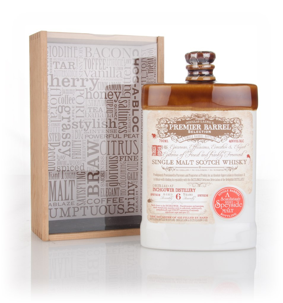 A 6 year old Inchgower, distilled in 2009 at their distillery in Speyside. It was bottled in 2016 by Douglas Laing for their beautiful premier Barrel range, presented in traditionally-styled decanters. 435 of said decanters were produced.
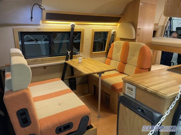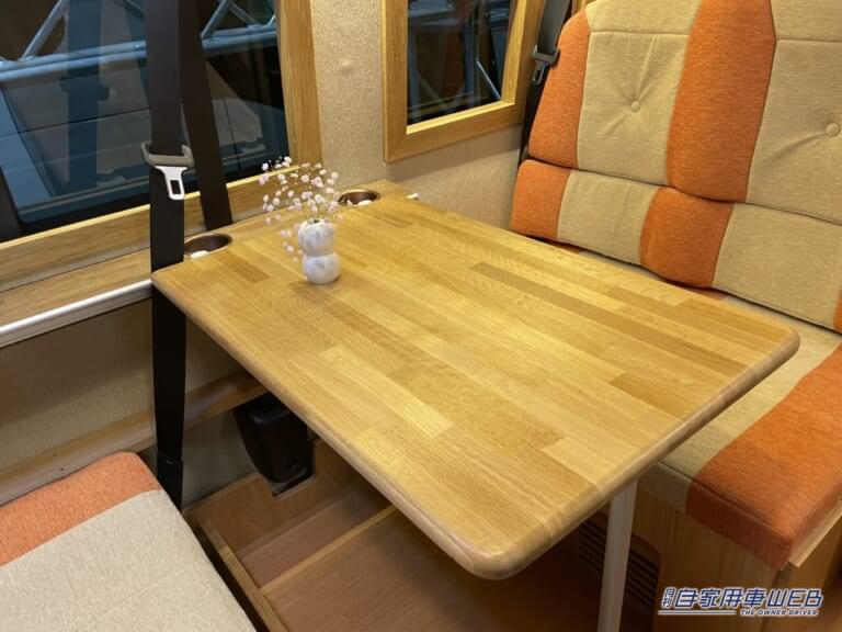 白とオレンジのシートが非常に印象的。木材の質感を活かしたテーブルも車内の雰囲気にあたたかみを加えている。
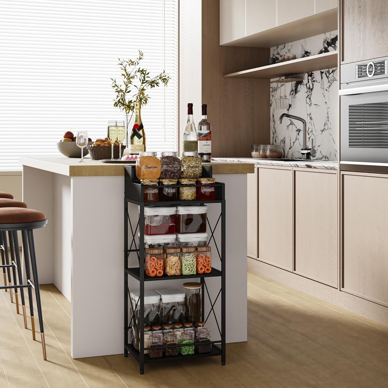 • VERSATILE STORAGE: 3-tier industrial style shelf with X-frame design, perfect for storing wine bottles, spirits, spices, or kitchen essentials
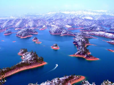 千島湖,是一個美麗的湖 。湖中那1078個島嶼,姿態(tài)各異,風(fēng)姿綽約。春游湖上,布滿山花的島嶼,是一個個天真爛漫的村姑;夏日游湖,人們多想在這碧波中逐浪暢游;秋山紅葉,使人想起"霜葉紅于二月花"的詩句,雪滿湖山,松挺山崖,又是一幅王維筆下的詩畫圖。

--

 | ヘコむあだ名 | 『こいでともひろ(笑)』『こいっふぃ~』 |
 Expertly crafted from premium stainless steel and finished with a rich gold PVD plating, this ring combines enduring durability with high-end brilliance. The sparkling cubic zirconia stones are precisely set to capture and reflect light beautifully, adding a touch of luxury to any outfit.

**WORK REQUEST**
Copy the lines above between the one holding "白とオレンジのシートが非常に" and the one holding "or kitchen essentials", inclusive. Drop the pictures.

**TASK OUTPUT**
 白とオレンジのシートが非常に印象的。木材の質感を活かしたテーブルも車内の雰囲気にあたたかみを加えている。
 • VERSATILE STORAGE: 3-tier industrial style shelf with X-frame design, perfect for storing wine bottles, spirits, spices, or kitchen essentials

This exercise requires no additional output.